[BioSQL-l] [Bioperl-l] Problem loading GO.

Chris Mungall cjm at fruitfly.org
Tue Apr 17 16:54:51 UTC 2007


Is there any reason you're loading GO.defs? This is a legacy format  
all the information is subsumed in the obo file.

I didn't see your message to the GO folks re formatting errors - who  
did you send it to & what was the subject? I'll see it gets seen to.

>> -------------------- WARNING ---------------------
>> MSG: insert in Bio::DB::BioSQL::TermAdaptor (driver) failed, values
>> were
>> ("GO:0006905","vesicle transport","OBSOLETE (was not defined before
>> being made obsolete).","X","") FKs (1)
>> Duplicate entry 'vesicle transport-1-X' for key 3
>> ---------------------------------------------------
>> Could not store term GO:0006905, name 'vesicle transport':
>> [...]
>> There are duplicate terms, identical in the term table except for
>> GOID:
>> GO:0006905 and GO:0005480.  They are both "vesicle transport", and
>> obsoleted:
>
> That violates the uniqueness constraint, and this sounds more like a
> bug in the GO file.
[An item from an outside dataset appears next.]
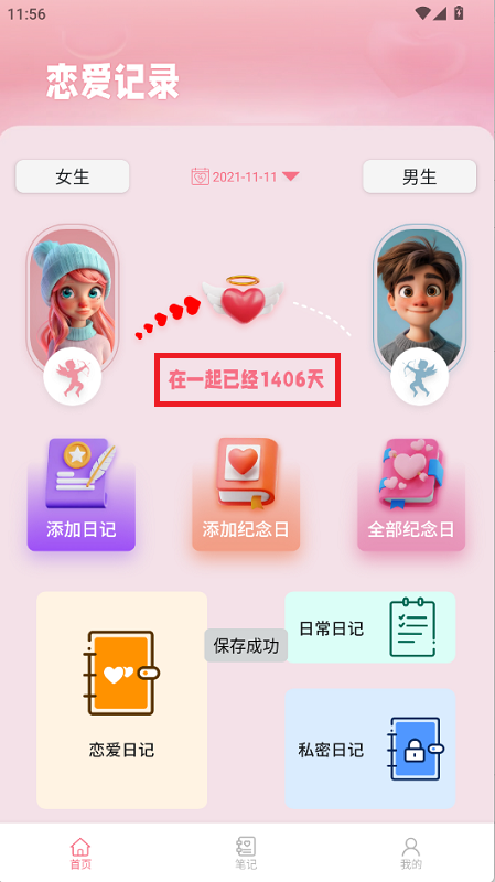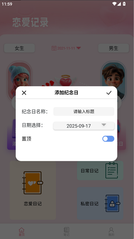 恋爱日记:用图片、文字记录下幸福点滴,留存彼此间的美好回忆。

I'm also not sure what motivated them to create
> the same term multiple times only to obsolete it immediately.

these things happen - the schema should be able to deal with it. it's  
a pain I know. In Chado we have some hacky solution for this (I  
believe it is concatenating the ID onto the name of obsolete terms).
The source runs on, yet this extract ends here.